Large-Scale Stochastic Variational GP Regression in 1D (w/ KISS-GP)

Introduction

This example shows how to perform GP regression, but using variational inference rather than exact inference. There are a few cases where variational inference may be prefereable:

  1. If you have lots of data, and want to perform stochastic optimization
  2. If you have a model where you want to use other variational distributions

KISS-GP with SVI was introduced in: https://papers.nips.cc/paper/6426-stochastic-variational-deep-kernel-learning.pdf

In [1]:
import math
import torch
import gpytorch
from matplotlib import pyplot as plt

%matplotlib inline
/home/gpleiss/anaconda3/envs/gpytorch/lib/python3.7/site-packages/matplotlib/__init__.py:999: UserWarning: Duplicate key in file "/home/gpleiss/.dotfiles/matplotlib/matplotlibrc", line #57
  (fname, cnt))
In [2]:
# Create a training set
# We're going to learn a sine function
train_x = torch.linspace(0, 1, 1000)
train_y = torch.sin(train_x * (4 * math.pi)) + torch.randn(train_x.size()) * 0.2

Performing SGD - the dataloader

Because we want to do stochastic optimization, we have to put the dataset in a pytorch DataLoader. This creates easy minibatches of the data

In [3]:
from torch.utils.data import TensorDataset, DataLoader
train_dataset = TensorDataset(train_x, train_y)
train_loader = DataLoader(train_dataset, batch_size=64, shuffle=True)

The model

This is pretty similar to a normal regression model, except now we’re using a gpytorch.models.GridInducingVariationalGP instead of a gpytorch.models.ExactGP.

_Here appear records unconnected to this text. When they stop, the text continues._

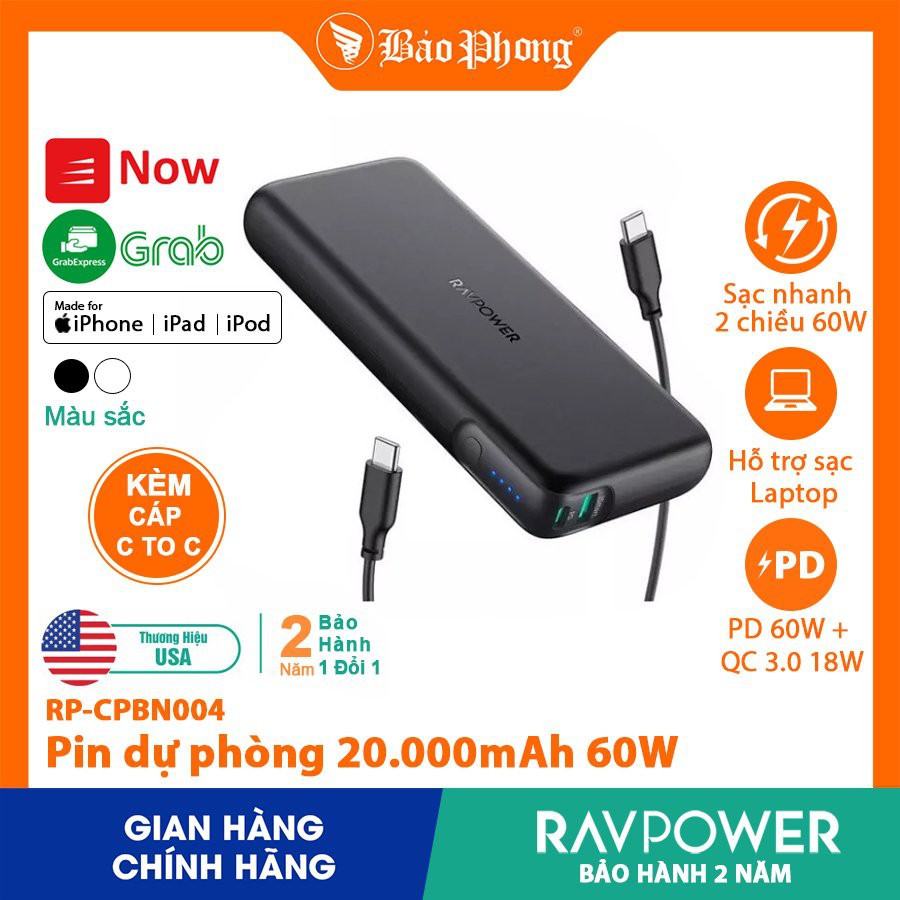Điện Thoại & Phụ Kiện > Pin sạc dự phòng > 10000 - 20000mAh || Pin Sạc dự phòng RAVPower 20000mAh 60w PD3.0 RP-CPBN004 cho iPhone iPad IP 6 7 8 Plus 10 11 12 Pro max x xs giá rẻCòn hàng
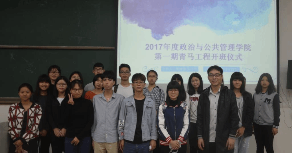 2017年3月23日下午3:00,政管学院青马班开班仪式在南教学楼C507正式举行。本次开班仪式有幸邀请到了校团委龙飘飘老师、政管学院辅导员白志华,以及14级行政管理(涉外公共关系)的国家奖学金获得者邓慧敏同学,台湾义守大学交换生周盈同学和美国哥伦比亚大学交换生骆紫妍同学担任嘉宾。现场几乎座无虚席,同学都表现出积极热情的态度,期待着青马班的开班仪式。
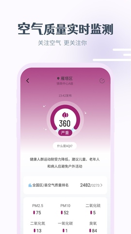 3.空气污染指数:小时空气污染指数监测和全国空气质量排名,预测未来7天空气指数,关注空气质量,关心健康。
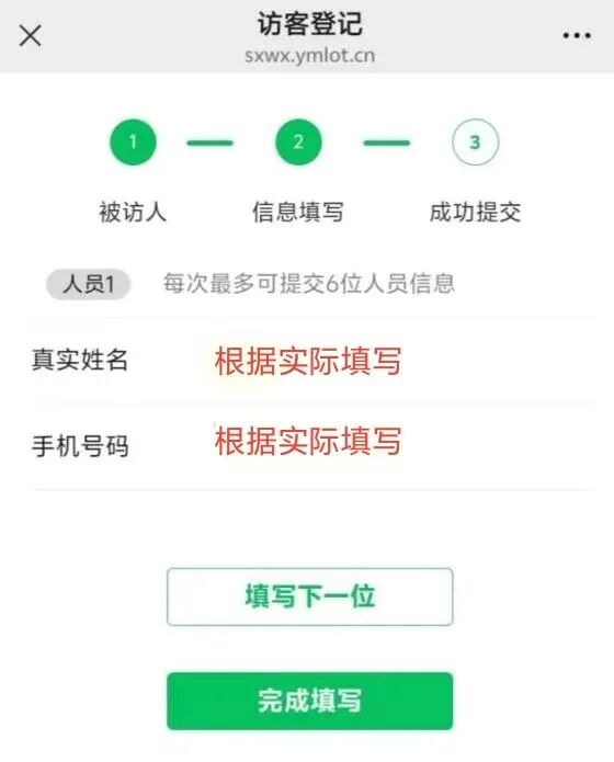 (2)填写访客本人信息,“姓名”和“手机号”。

Any of the variational models would work. We’re using the GridInducingVariationalGP because we have many data points, but only 1 dimensional data.

Similar to exact regression, we use a GaussianLikelihood.

In [4]:
class GPRegressionModel(gpytorch.models.GridInducingVariationalGP):
    def __init__(self):
        super(GPRegressionModel, self).__init__(grid_size=20, grid_bounds=[(-0.05, 1.05)])
        self.mean_module = gpytorch.means.ConstantMean()
        self.covar_module = gpytorch.kernels.ScaleKernel(
            gpytorch.kernels.RBFKernel(
                lengthscale_prior=gpytorch.priors.SmoothedBoxPrior(
                    math.exp(-3), math.exp(6), sigma=0.1, log_transform=True
                )
            )
        )

    def forward(self, x):
        mean_x = self.mean_module(x)
        covar_x = self.covar_module(x)
        return gpytorch.distributions.MultivariateNormal(mean_x, covar_x)

model = GPRegressionModel()
likelihood = gpytorch.likelihoods.GaussianLikelihood()

The training loop

This training loop will use stochastic optimization rather than batch optimization

In [5]:
model.train()
likelihood.train()

optimizer = torch.optim.Adam([
    {'params': model.parameters()},
    {'params': likelihood.parameters()},
], lr=0.01)

# Our loss object
# We're using the VariationalMarginalLogLikelihood object
mll = gpytorch.mlls.VariationalMarginalLogLikelihood(likelihood, model, num_data=train_y.numel())

# The training loop
def train(n_epochs=20):
    # We use a Learning rate scheduler from PyTorch to lower the learning rate during optimization
    # We're going to drop the learning rate by 1/10 after 3/4 of training
    # This helps the model converge to a minimum
    scheduler = torch.optim.lr_scheduler.MultiStepLR(optimizer, milestones=[0.75 * n_epochs], gamma=0.1)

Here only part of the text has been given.